## Collection entries
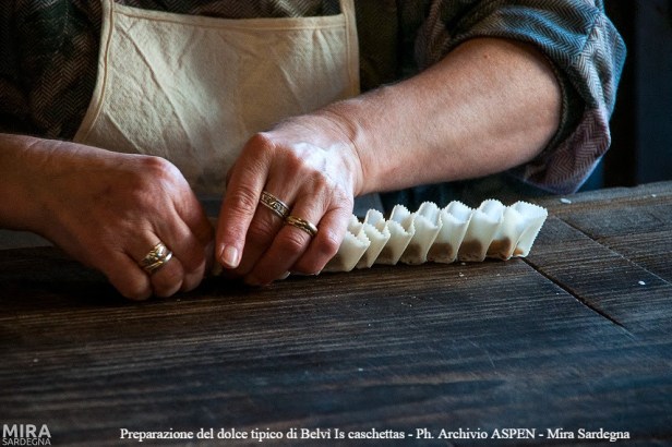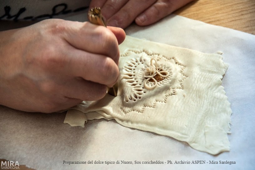 In comune, tutte le cortes apertas, hanno l’ottima abitudine di offrire in versione street food specialità locali da consumare passeggiando per le strade animate o direttamente a casa del produttore: se non fosse bastato l’elenco di cui sopra ad invogliarvi, ecco che vi verranno proposti anche malloreddus (gnocchetti sardi), deliziosi involtini di pane lentu (il carasau non tostato) e formaggio fuso, purpuzza e patate nonchè l’immancabile porcetto arrosto. I dolci poi toccano le vette più sofisticate con la celeberrima seada (dolcezza alla semola ripiena di formaggio), il croccante di mandorle (gattò), su pistiddu – un involucro di pasta che racchiude sapa, mosto cotto o in alternativa miele, ornato con decori finissimi – e le casadinas (dolcetti deliziosi con ricotta di pecora o formaggio fresco e scorza di limone, più abitualmente preparati in periodo pasquale).
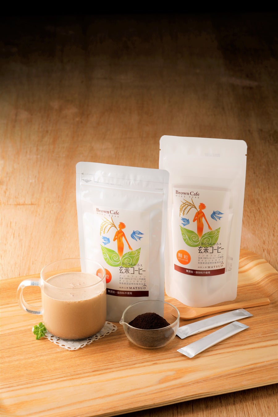 「ぶらうんかふぇ玄米コーヒー」は、玄米を丸ごと飲むという新しい感性で作られた飲み物で、化学肥料を使用せずに育てられた鳥取県産有機JAS認証玄米100%を使用しています。
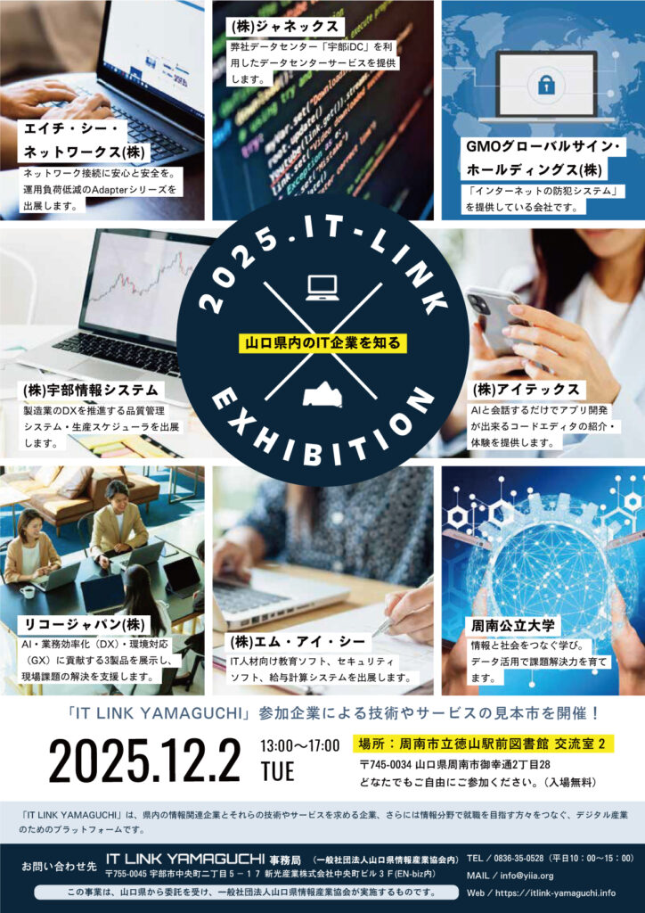 この度、2025年12月2日(火)「周南市立徳山駅前図書館 交流室2」にて、2025.IT-LINK EXHIBITIONを開催します。
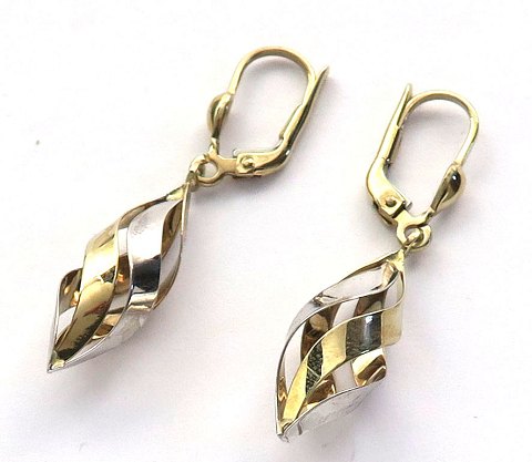Par ørelokker af 8 kt. tofarvet guld i form af snoet dråbe. L. 38 mm., vægt ca. 2,5 gr.
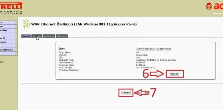 - İlk adımda Etkin Kıl butonu ile kablosuz ağımızı aktif hale getiriyoruz.
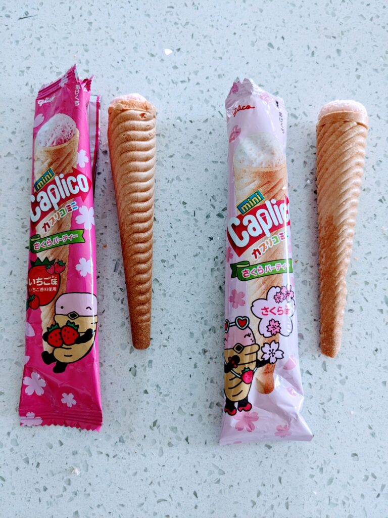 We were lucky to get two mini cones, one strawberry and one cherry blossom. So cute and fun to eat. The strawberry tasted like the strawberry ginza rusk from February 2023’s Tokyo Treat box. My girls loved that the filling went all the way to the bottom of the wafer. They are the perfect size for snacking.
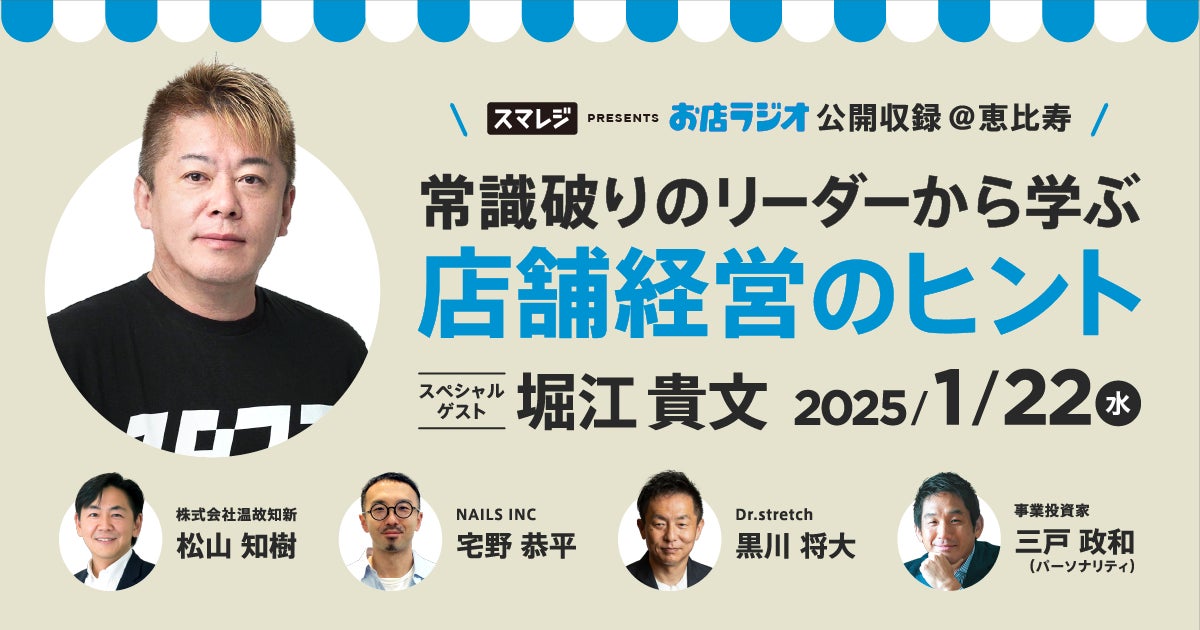 『お店ラジオ supported by スマレジ』は、前回ご好評いただいた公開収録イベントの第2弾を1月22日(水)13時より恵比寿にて開催します。
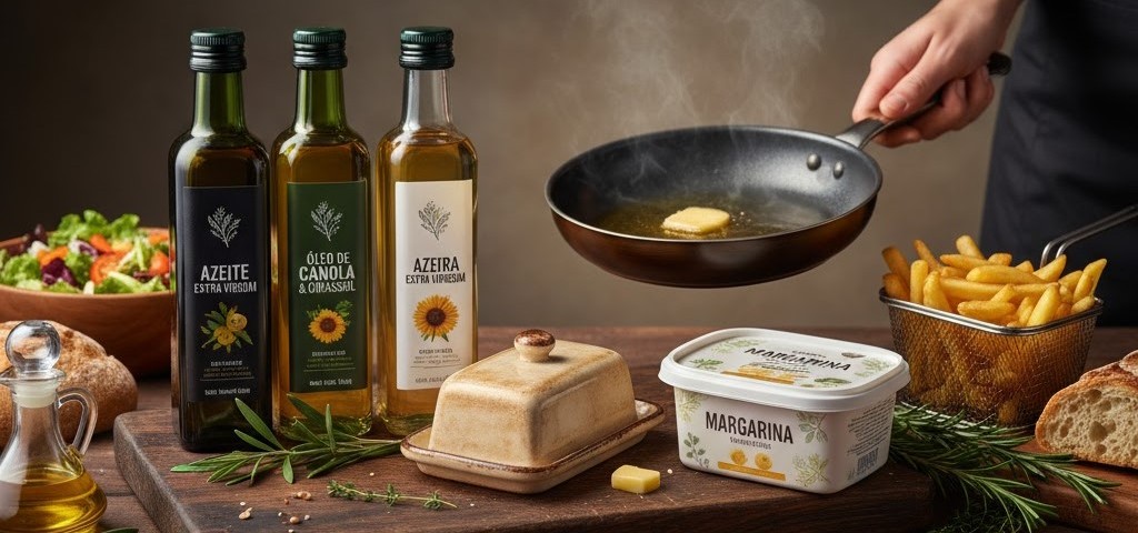 - Cozimento diário (Refogados): Opte por óleos de Canola, Girassol ou Azeite de Oliva Comum. Eles são versáteis, saudáveis e econômicos para o uso constante.
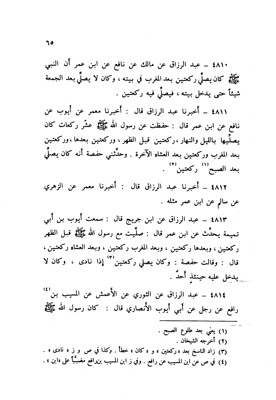 4811 - عَبْدُ الرَّزَّاقِ قَالَ: أَخْبَرَنَا مَعْمَرٌ، عَنْ أَيُّوبَ، عَنْ نَافِعٍ، عَنِ ابْنِ عُمَرَ قَالَ: " حَفِظْتُ عَنْ رَسُولِ اللَّهِ صَلَّى اللهُ عَلَيْهِ وَسَلَّمَ عَشْرَ رَكَعَاتٍ كَانَ §يُصَلِّيهَا بِاللَّيْلِ وَالنَّهَارِ: رَكْعَتَيْنِ قَبْلَ الظُّهْرِ، وَرَكْعَتَيْنِ بَعْدَهَا، وَرَكْعَتَيْنِ بَعْدَ الْمَغْرِبِ، وَرَكْعَتَيْنِ بَعْدَ الْعِشَاءِ الْآخِرَةِ، وَحَدَّثَتْنِي حَفْصَةُ أَنَّهُ كَانَ يُصَلِّي بَعْدَ الصُّبْحِ رَكْعَتَيْنِ أَخْبَرَنَا
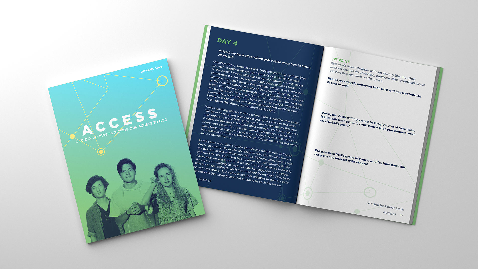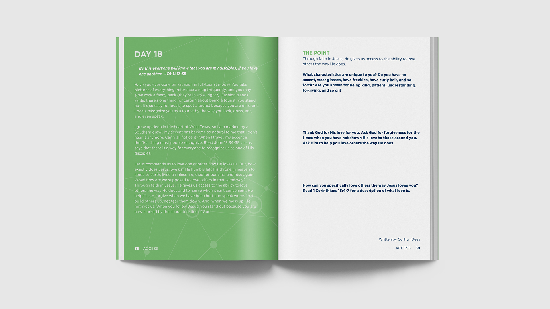 A 30-day devotional guide was written to take the theme material to a deeper level. Basic elements of the theme (as opposed to all theme elements) were used in this piece because it had a longer lifespan than the theme itself. It needed to connect without being overly complicated.
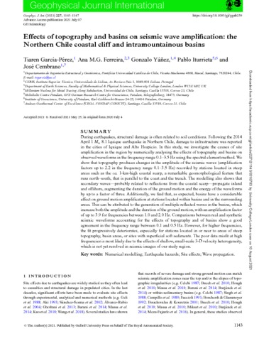 | Title: | Effects of topography and basins on seismic wave amplification: the Northern Chile coastal cliff and intramountainous basins |
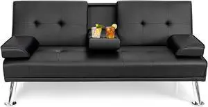Costway Convertible Folding Futon Sofa Bed Leather w/Cup Holders&Armrests Black
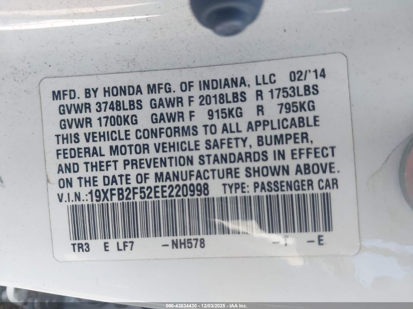 2014 HONDA CIVIC 2014 року Бензин, 1.8, Передній привід, vin - 19XFB2F52EE220998 з США
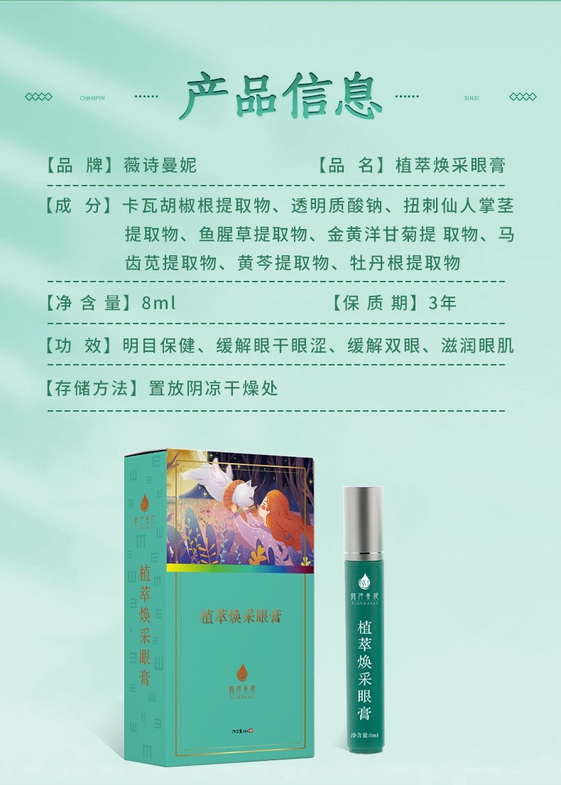 薇诗曼妮植萃焕采眼膏护目保健眼膏缓解眼干涩疲劳8ml
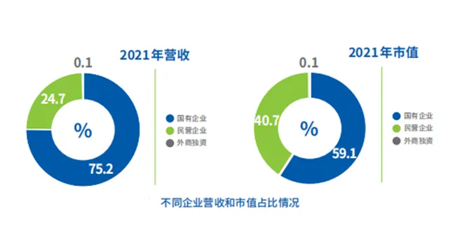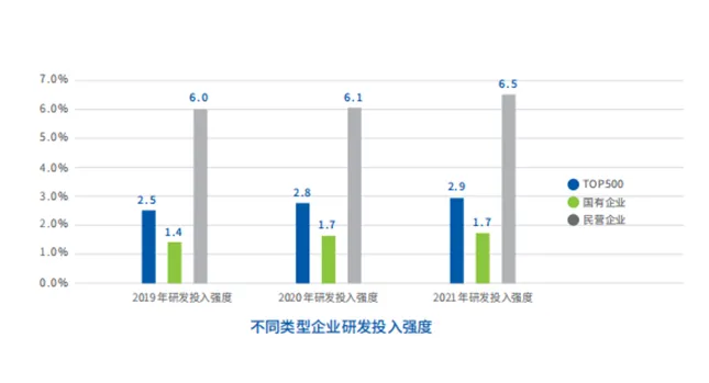 “国大民新”特征显著。数字经济企业TOP500中,国有、民营企业分别占比46.6%、52.8%,各占半壁江山。国有企业主要分布在电信业、通信设备制造业等传统领域,在营收、市值、利润等方面更“大”,约占数字经济企业TOP500总营收的75.2%、总市值的59.1%,利润总额增速高于民企14个百分点。民营企业主要分布在移动互联网、人工智能、平台经济等前沿领域,在创新研发方面投入更“高”,其平均研发投入强度高达6.5%,是国有企业的3.7倍,占据了研发投入强度排名前10中的9席。

## What the exercise asks
Could you repeat exactly the lines from the one containing "intramountainous basins |" to the last line of the records, both included, and leave out every picture?

## Response to the task
 | Title: | Effects of topography and basins on seismic wave amplification: the Northern Chile coastal cliff and intramountainous basins |
Costway Convertible Folding Futon Sofa Bed Leather w/Cup Holders&Armrests Black
 2014 HONDA CIVIC 2014 року Бензин, 1.8, Передній привід, vin - 19XFB2F52EE220998 з США
 薇诗曼妮植萃焕采眼膏护目保健眼膏缓解眼干涩疲劳8ml
 “国大民新”特征显著。数字经济企业TOP500中,国有、民营企业分别占比46.6%、52.8%,各占半壁江山。国有企业主要分布在电信业、通信设备制造业等传统领域,在营收、市值、利润等方面更“大”,约占数字经济企业TOP500总营收的75.2%、总市值的59.1%,利润总额增速高于民企14个百分点。民营企业主要分布在移动互联网、人工智能、平台经济等前沿领域,在创新研发方面投入更“高”,其平均研发投入强度高达6.5%,是国有企业的3.7倍,占据了研发投入强度排名前10中的9席。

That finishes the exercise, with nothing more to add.